Morris Passoff, my mother's father, came here from what is now Belarus in 1910, when he was 14. As he was by himself, he got a woman on the ship to pretend she was his aunt so he wouldn't be turned back at Ellis Island as an unaccompanied minor.

Avram Wishnia and Hinde Greenberg Wishnia, my father's parents, came here from Paris around 1929, about five years after they had emigrated there from Poland. My grandmother was able to enter the country as an immigrant, as her father was already a U.S. citizen, but my grandfather had to come in as a tourist. In early 1932, he was expelled because his visa had expired -- even though he had an 8-month-old Brooklyn-born son, my father. My grandmother went to work in an overcoat factory while her parents took care of my father -- who was what the contemporary anti-immigrant movement calls an "anchor baby."

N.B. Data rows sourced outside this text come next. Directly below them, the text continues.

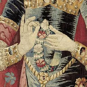 Andre Arnaud suggested in 1981 that the lady was none other than Mary, the sister of Henry VIII, and, for a short few months, the wife of Louis XII of France. After her husband’s death she was to marry Charles Brandon, Duke of Sussex, without Henry’s permission. Arnaud suggests that various elements in the tapestries tell her story. This theory was later outlined on-line by Jacky Lorette.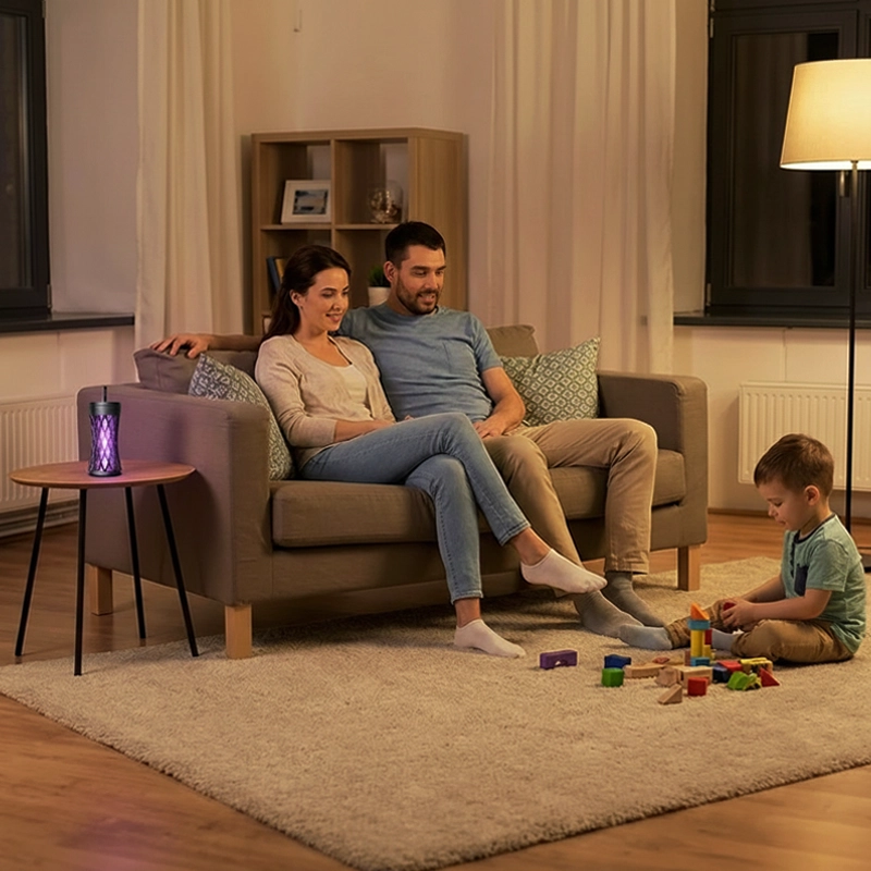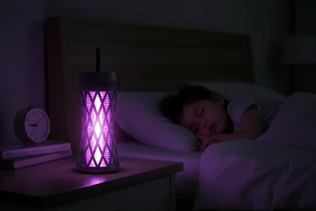 My husband and I use this lamp in our small apartment bedroom, and the quiet hum and dark light keep everything calm and bug‑free.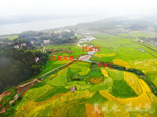 原貌是左边河水在堂前环抱过来(如蓝色线条),和右边的河水相汇在丙水口。改直河道后,左右两边河水相汇于巳水口而去。读者朋友们可以依据自己所学理论,给我们留言,这样改变后会有什么影响。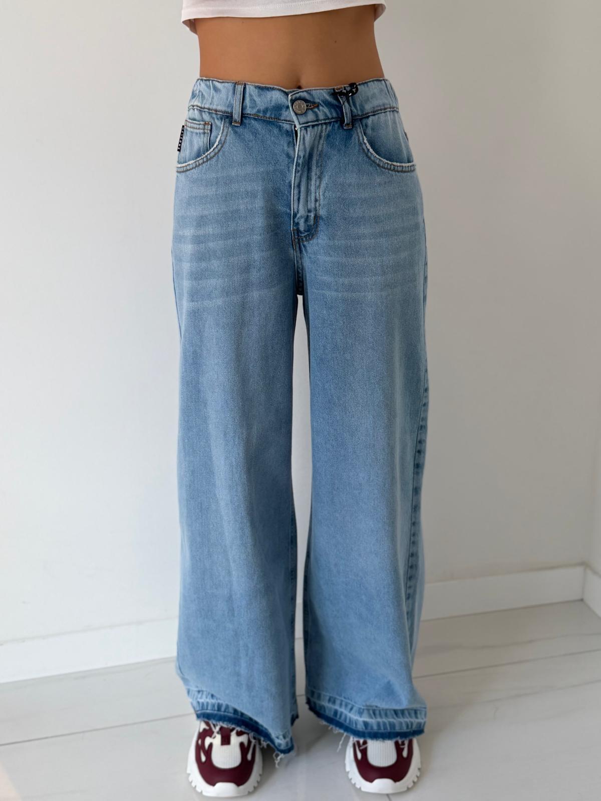 • Color: light blue denim with slight lighter shades in the center of the legs, washed effect.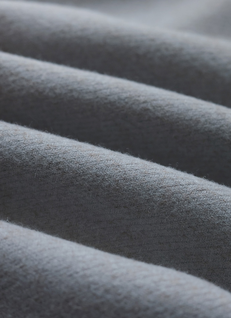 울이 블렌딩 된 도톰한 모직 소재로 제작되어

My family history belies the central beliefs of that anti-immigrant movement: the argument that "our ancestors all came here legally"; the racist attitudes that immigrants are alien scum; and the idea that immigrants, especially illegal ones, drive down wages. Both my grandfathers became union activists, part of the movement that ushered in the greatest period of working-class prosperity in the history of the industrialized world. "In our organizing, we talk about the work immigrants did in the 1930s to create the good jobs we have today," says Annemarie Strassel, a Chicago-based organizer for UNITE HERE. "We want to revive that for the 21st century."

Morris Passoff got a job as a copy boy for the New York World, driving a horse cart to deliver stories from reporters in the field. On March 25, 1911, when he was 15, he was at work when a fire broke out in the Triangle Shirtwaist Factory. He watched as screaming workers jumped from ninth-floor windows with their hair and clothing ablaze, as the World reported. He moved up to the mailroom, bundling and mailing the newspapers, and eventually worked at two Yiddish-language dailies. He served on the executive board of Mailers Local 6 of the International Typographers Union.

"He had a real sense of himself as working-class," my mother recalls. "He always said, 'I am a worker.' Not 'middle class,' like they say today."

Avram Wishnia returned to Brooklyn in 1934 and worked as a presser in a clothing factory. He also served on the executive board of his International Ladies Garment Workers Union local. He stood up to Murder Inc. goons and corrupt business agents but was purged at the beginning of the Cold War for his communist sympathies.

Union wages and security, affordable (rent-controlled) housing and cheap college tuition were the tripod that supported my parents' generation as they moved into the middle class and beyond. But there are formidable obstacles to the current generation of immigrants doing the same. Changes in our immigration laws mean that most of the Ellis Island generation would not now be able to enter the country legally. The union movement is much weaker than it was in the post-World War II period. The post-Reagan economy has redistributed wealth from America to Richistan to the point that if Manhattan were an independent nation, it would have the most unequal economy in the world. And the illegal status of many immigrant workers is another weapon employers can use to intimidate them when they try to organize.

War on Workers

"Employers violate workers' rights every time we try to organize," says Eddie Acosta, worker center coordinator for the AFL-CIO. "It's the fear of being deported that makes people afraid."

Two of the largest recent roundups of illegal immigrants -- in which the federal Bureau of Immigration and Customs Enforcement charged hundreds of workers with identity theft for using false Social Security numbers -- took place at companies with histories of union-management conflict. The United Food and Commercial Workers were trying to organize at the Agriprocessors kosher meatpacking plant in Postville, Iowa, where 389 people were arrested and 270 jailed in an ICE raid May 12. And the United Steelworkers were beginning a drive to expand the union at the Chattanooga chicken factory that was one of five Pilgrim's Pride plants raided in April, with more than 300 people arrested.